Sky cloudy, soft gray. It’s humid, but not stifling. We walk along a gravel path. Perhaps in these parts it is called a road. Sharp, sweet scent of evergreen, rustling of sassafras. We pause at a pond, sit on an old cedar bench. Who put it there? We thank them. Ducks & more ducks: mallards, buffleheads. A black & yellow butterfly floats past. Back on the road, again looking at the sky, clouds turning gold & fuchsia. To think—this place wasn’t marked as special on our map. Is that an owl talking deep in the pines? We stand still as possible, the only way to know.



A Train Runs Through


A freight train runs intermittently past the lake

beyond a stand of stunted sycamores.

Sometimes it's empty & mostly clacks or rattles.


Other times it’s loaded & bends a deep moan

from the sloping rails. My grandma ages ago

told me this track used to double as a passenger


line & she’d ride out to farmlands & orchards 

some thirty miles west. What she did there, 

I don’t know. She only spoke of the brightly 


colored garments she knitted as sooty mills 

& factories faded behind.
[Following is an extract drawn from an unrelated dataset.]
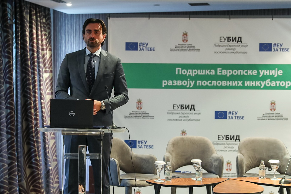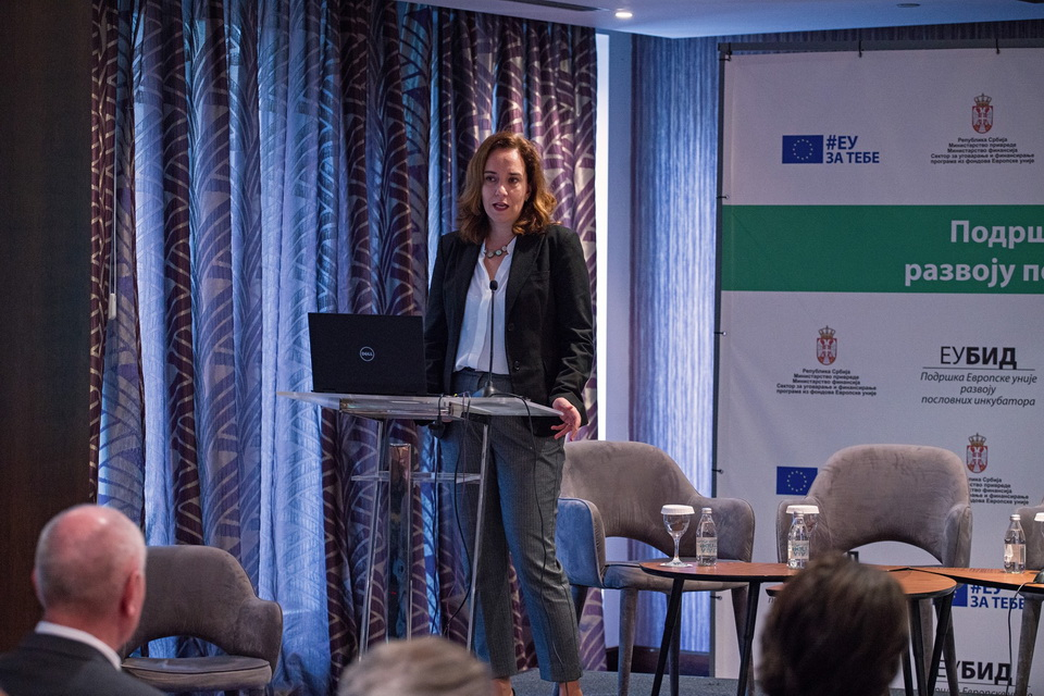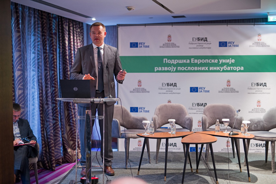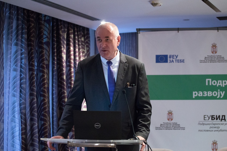 Gospodin Karl-Heinz Jach, rukovodilac EUBID projekta, najpre je izneo rezultate analize dosadašnjeg razvoja poslovnih inkubatora u Srbiji, pri čemu je istakao da je 2006. godine postojalo 5 poslovnih inkubatora, dok je 2019. godine taj broj narastao do 40 inkubatora i 14 regionalnih startap centara formiranih u Srbiji. Zatim su usledile preporuke da se u narednom periodu treba fokusirati na unapređenje usluga podrške razvoju poslovanja korisnika poslovnih inkubatora (treninge, radionice, konferencije i mentorstva). Startapovi koji se razvijaju u poslovnim inkubatorima najčešće su inovativna preduzeća kojima je važna kvalitetna podrška u početnim fazama razvoja kako bi uspešno razvili svoju ideju i plasirali se na tržište. Kao najvažniji faktori za uspešno poslovanje istaknuti su preduzetnički duh, preuzimanje rizika, menadžerska sposobnost, kreiranje strategija, umrežavanje i partnerstva.

I have a pair of gloves 

she gave me: wool, badly pilled, yet still 


her signature cardinal-red. They were

my father’s as a teen, loose on me at first

though now a comfortable fit. If it’s cold,


as it is right now, I like to wear them while

I cast my line & reel back in. True, fish don’t

often strike in late November, but my hands


are cozy & I keep on casting. Today I’ll stay

until the train rolls by or sunset comes.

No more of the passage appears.